Indeed, from the moment our children are born, they begin to separate from us and establish their own identities. The process can be excruciatingly painful. When I nursed my babies, my body remained tethered to them. Hearing their cries triggered a complex hormonal response that flooded my ducts with milk. Even while working away from home, I could almost sense their hunger at various times, leading me to pump my milk to avoid becoming painfully engorged. Only after weaning my third child, did I feel that my last stage of pregnancy finally was complete.

Now, my 16-year-old daughter and I are experiencing another kind of weaning. She craves independence and she pushes me away. Adding to my pain, she has instituted a “gag order.” There are to be no discussions with anyone about her or any facet of her life. Long ago, I gave up posting about her on Facebook; now “Abby stories” are completely verboten.

The boundary between my daughter’s stories and mine, though, has always been a little blurry. Doesn’t our 32-hour labor story belong to both of us? And what about her gentle soul, the one we saw each time she watched, sobbing, as Mary Poppins flew off with the West Wind. Hadn’t I had a part in creating such a sensitive soul? As my child, wasn’t Abby’s story my story, too?

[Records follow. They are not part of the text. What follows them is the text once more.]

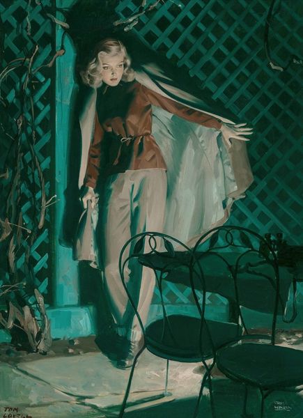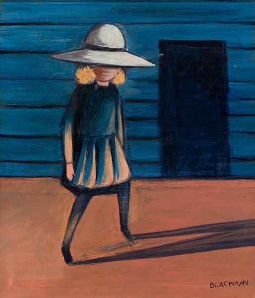 Editor: This is Charles Blackman's "Schoolgirl in a Lane," painted in 1953. It's an acrylic painting, and something about the starkness of the lane combined with the girl's gaze over her shoulder gives it a slightly unsettling mood. What social commentary do you think Blackman might be offering here? Curator: The Schoolgirl series, placed against the backdrop of post-war Australia, invites an analysis beyond a simple portrait. Blackman’s own anxieties and perhaps even societal fears around childhood are palpable. It's essential to consider the public's perception of childhood innocence during this era, particularly how it contrasted with emerging social anxieties. Does this contrast inform your understanding of the "unsettling mood" you perceived? Editor: Absolutely, that context really shifts things. The uniformity of the fence and the narrowing lane now feel less like simple setting and more like a visual metaphor for the restrictive expectations placed on young women at the time. Did Blackman face any specific criticisms or praise for this depiction when it was first exhibited? Curator: Indeed. The reception was mixed, precisely because it disrupted idealized notions of childhood. Some lauded Blackman for his realism and unflinching portrayal of psychological states, while others criticized what they perceived as a pessimistic or even sinister perspective. How does understanding the initial reactions to the painting change how you understand it now? Editor: I see it as more courageous now, actively participating in the cultural conversations around the changing roles and expectations of young girls. Thank you! Curator: And I find myself pondering the responsibility artists have in shaping or reflecting societal anxieties, and what the ethics are for representing children this way. It's fascinating how art forces us to confront uncomfortable truths.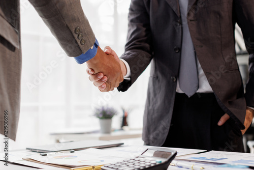 Business handshake congratulate success,two businessman shake hand with partner to celebration partnership and business deal concept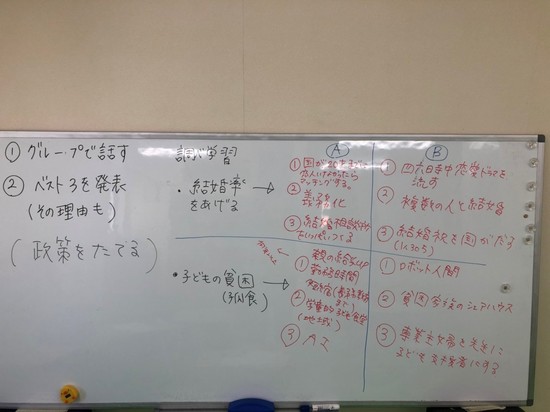 ☆オリジナル授業「選挙の立候補者になる!」☆ 2020-01-30 授業 GRES高等学院 サポートスクールGRESでは、毎週オリジナル授業を行います! 今回のオリジナル授業のテーマは 選挙の立候補者になる!です。 まずは選挙の基本的なことを学びました。 ・選挙は何のためにやる? ・選挙とは? ・税金、政府のしくみ 次にみんなで話し合い、身近なことから政策を考えてみる。 ・婚姻率と離婚率について ・貧困、孤食について 次は実際に立候補者になって演説をする準備に入ります☆★☆★ 一覧へ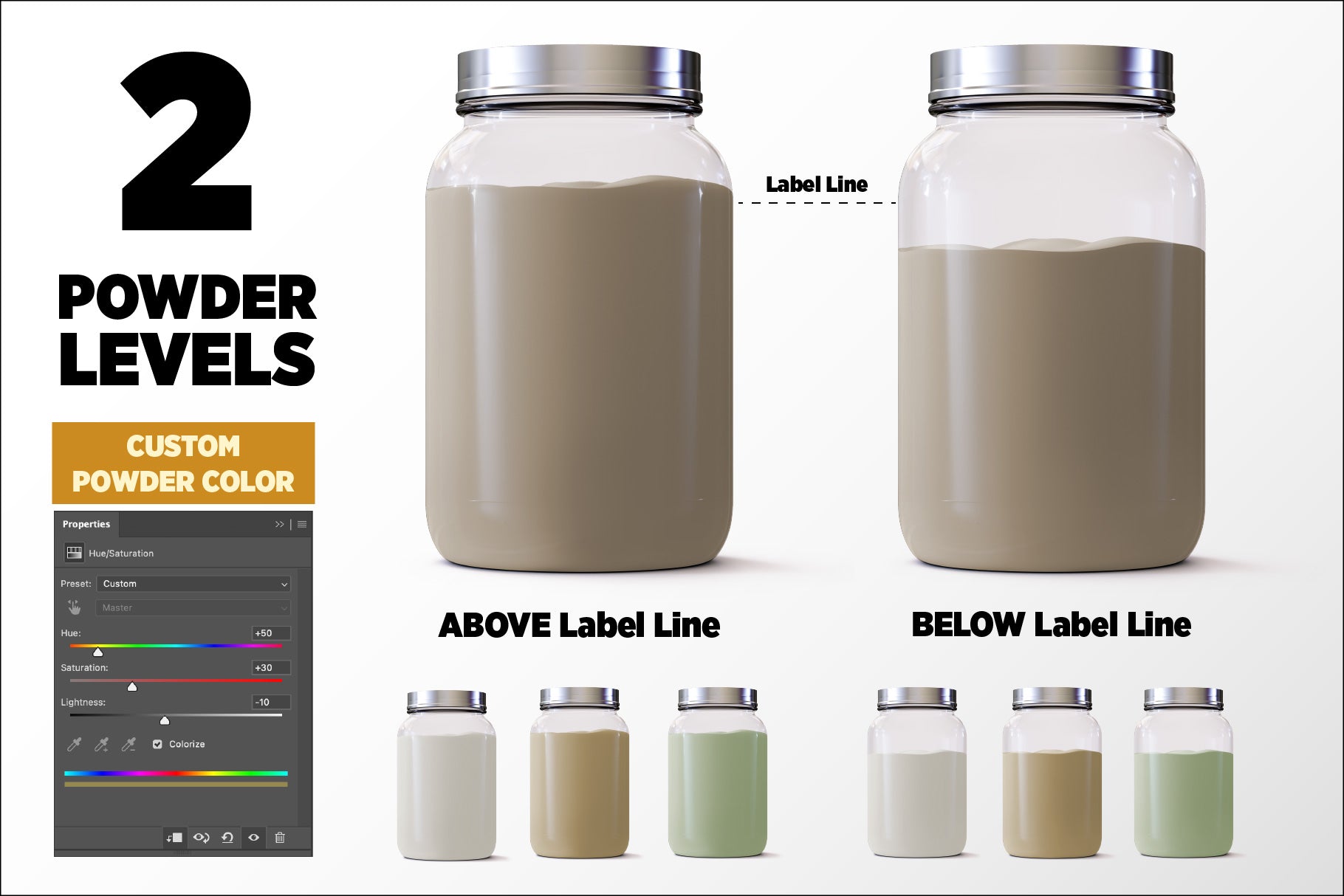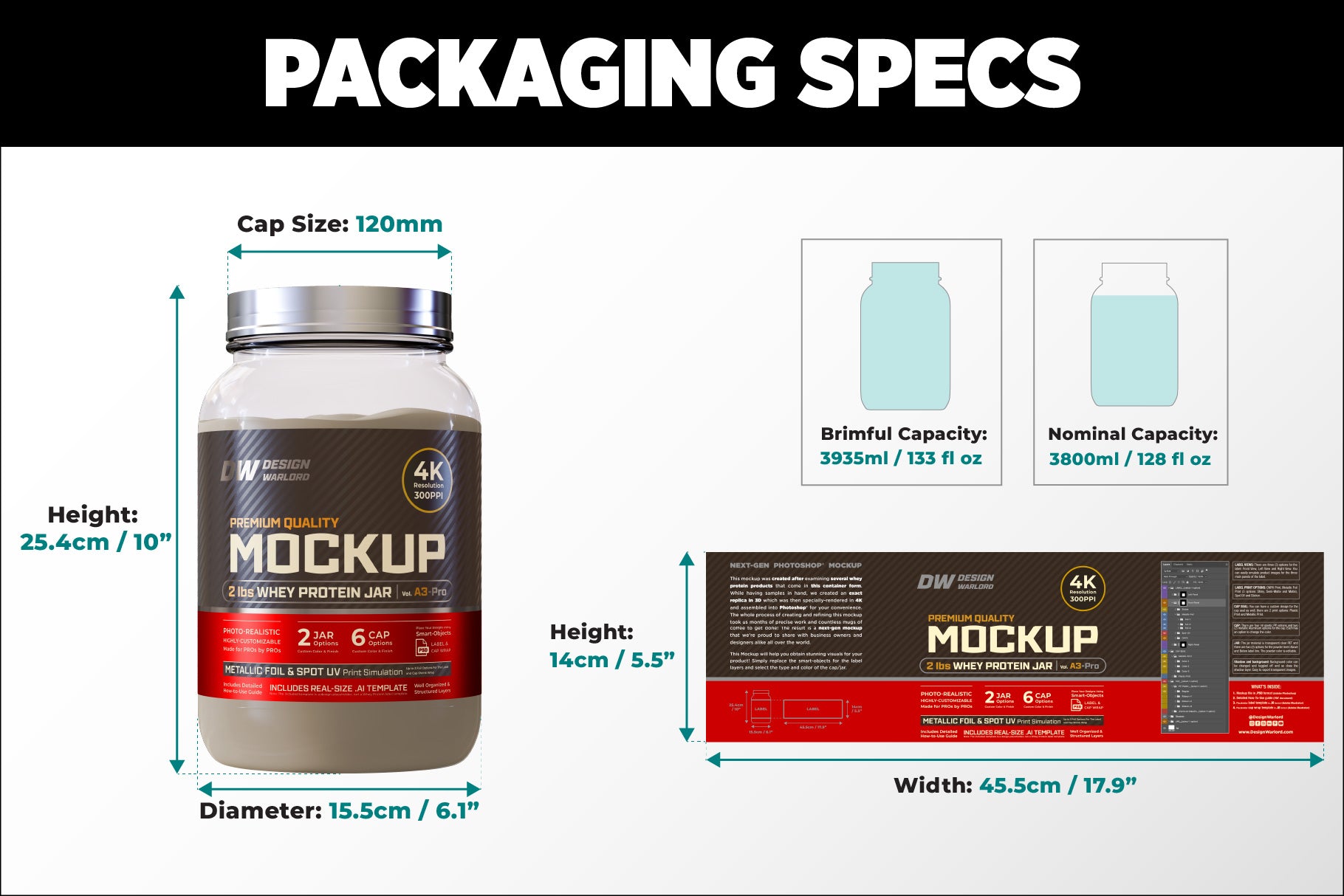 This mockup mirrors the exact size and shape of this standard protein jar: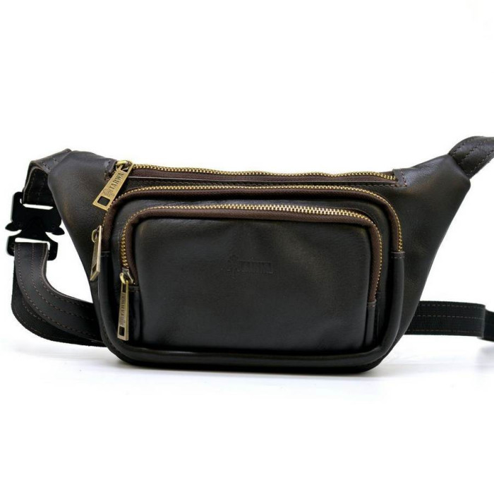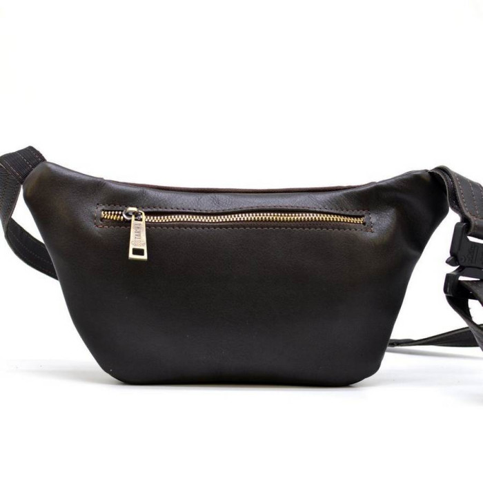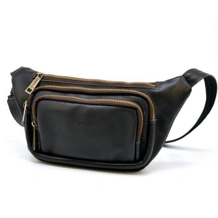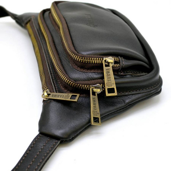Дуже зручна і функціональна напоясна сумка GC-8179-3md бренду TARWA, з натуральної телячої шкіри, колір коричневий. Виріб має основний відділ з кишенькою всередині. Також два об'ємних кишені, прямокутної форми, з блискавкою для зберігання телефону, гаманця, документів. На задній стороні є врізна кишеня з блискавкою. Модель має логотип бренду на лицьовій стороні. Ремінець виконаний зі шкіри і регулюється по довжині. Фурнітура металева, колір-бронза. Аксесуар досить компактний, хоча і місткий. Модель припаде до смаку не тільки чоловікам, але жінкам.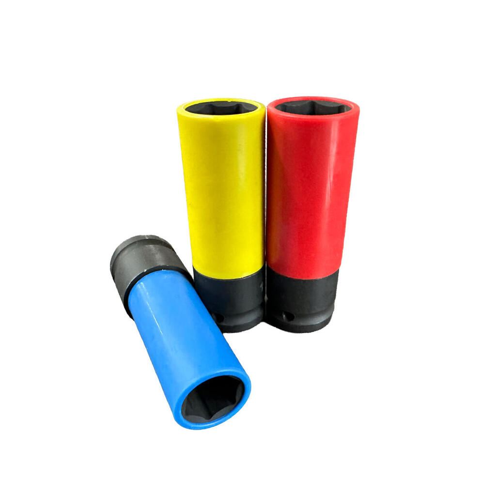The set comes with **three impact sockets (17 mm, 19 mm and 21 mm)**. The long, thin-walled design allows you to easily reach every wheel bolt, while the protective coating prevents scratches and damage. Each size has its own colour for quick recognition.

Descended from a story-telling dynasty, I spent my childhood hearing stories about my family’s past. My mom told us so many stories from her own childhood about walking in the snow in Cincinnati that I was sure southern Ohio was right next door to Alaska. On my dad’s side, I especially loved the stories of my ancestors as horse thieves along Romania’s moonless winding paths. With each telling and retelling, however, my mom reminded us that his family had been tailors in those Carpathian Mountains. Nonetheless, the stories of horse thievery lived on.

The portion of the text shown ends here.